▶ [ABOUT THIS TASK] Where the data below shows a picture, leave that picture out and copy the rest exactly.

▶ [GIVEN MATERIAL]

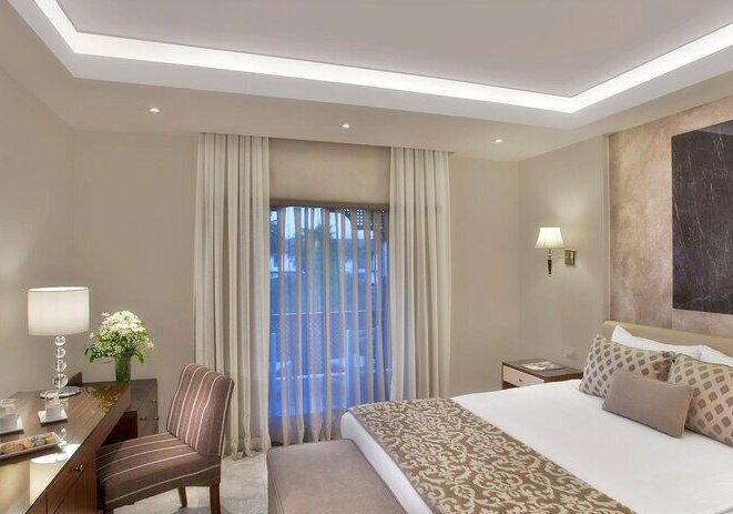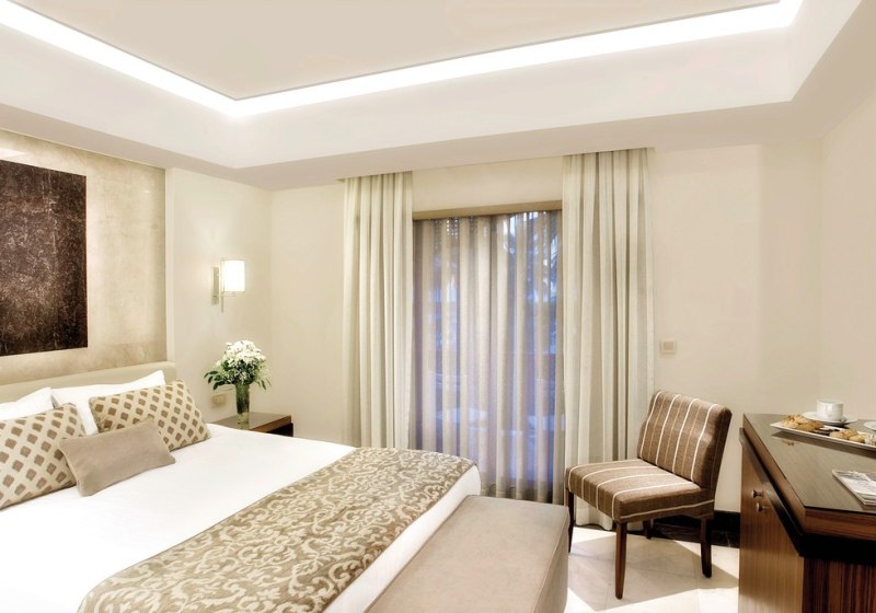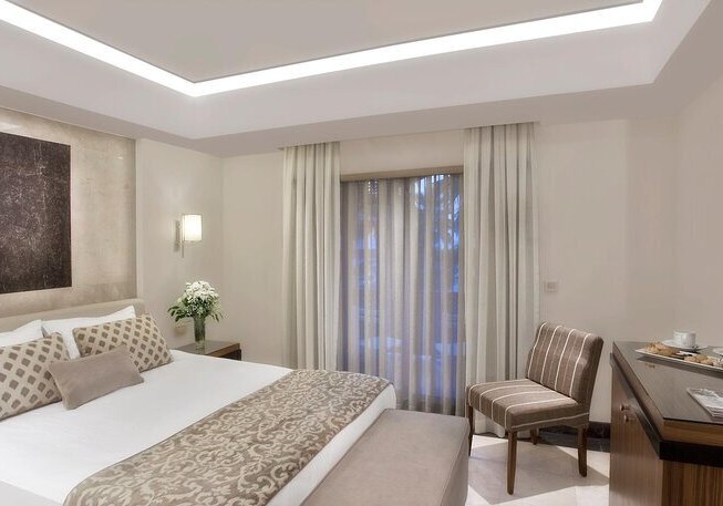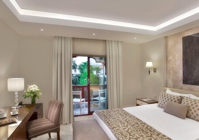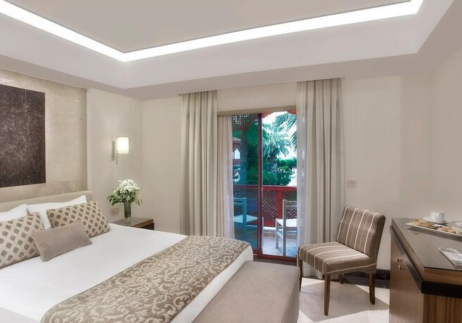 Die Zimmer sind funktional gedacht: Dusche, WC, Haartrockner, zentral gesteuerte Klimaanlage, Safe, Sat-TV und eine regelmäßig befüllte Minibar. Ein möblierter Balkon bringt Außenluft ins Spiel. Je nach Kategorie erwartet Euch Fliesen- oder Marmorboden – kühl, pflegeleicht und klar strukturiert.
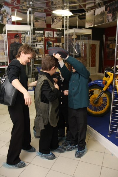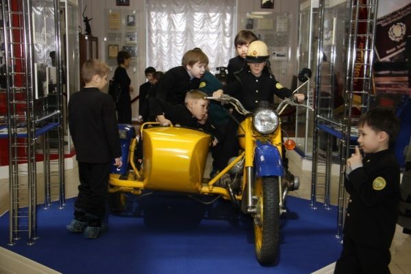 В музее высавлены образцы обмундирования разных эпох, личные вещи и награды сотрудников, легендарный пулемет «Максим» и отреставрированный милицейский мотоцикл 70-х годов. Дети с интересом рассматривали экспонаты, а некоторые даже примерили экипировку милиционеров на себя.
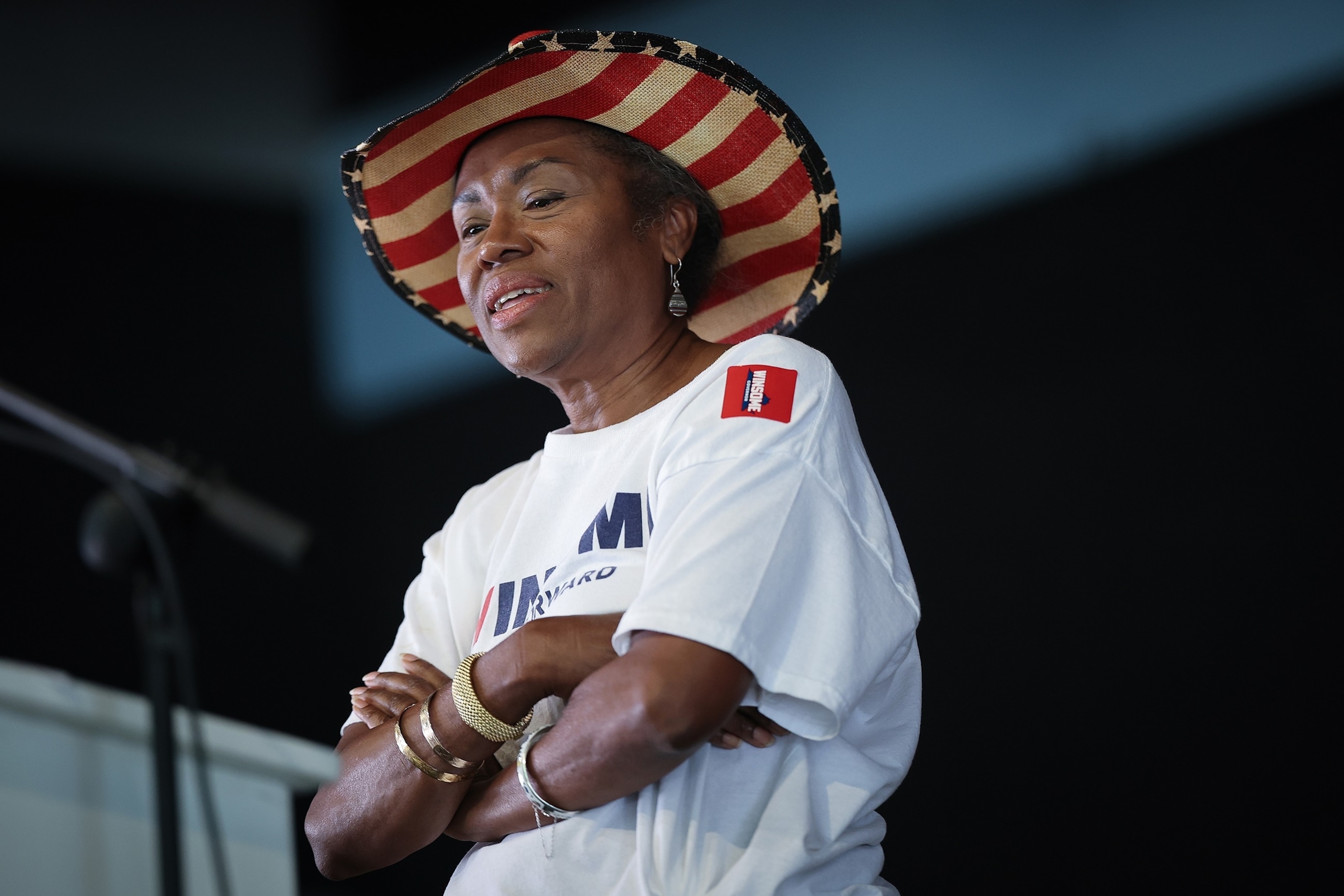 Virginia Republican politician gubernatorial prospect, Lt. Gov. Winsome Earle-Sears, goes to the 54th Yearly Buena View Labor Day Celebration on September 01, 2025 in Buena View, Virginia.

▶ [ANSWER SPACE]
 Die Zimmer sind funktional gedacht: Dusche, WC, Haartrockner, zentral gesteuerte Klimaanlage, Safe, Sat-TV und eine regelmäßig befüllte Minibar. Ein möblierter Balkon bringt Außenluft ins Spiel. Je nach Kategorie erwartet Euch Fliesen- oder Marmorboden – kühl, pflegeleicht und klar strukturiert.
 В музее высавлены образцы обмундирования разных эпох, личные вещи и награды сотрудников, легендарный пулемет «Максим» и отреставрированный милицейский мотоцикл 70-х годов. Дети с интересом рассматривали экспонаты, а некоторые даже примерили экипировку милиционеров на себя.
 Virginia Republican politician gubernatorial prospect, Lt. Gov. Winsome Earle-Sears, goes to the 54th Yearly Buena View Labor Day Celebration on September 01, 2025 in Buena View, Virginia.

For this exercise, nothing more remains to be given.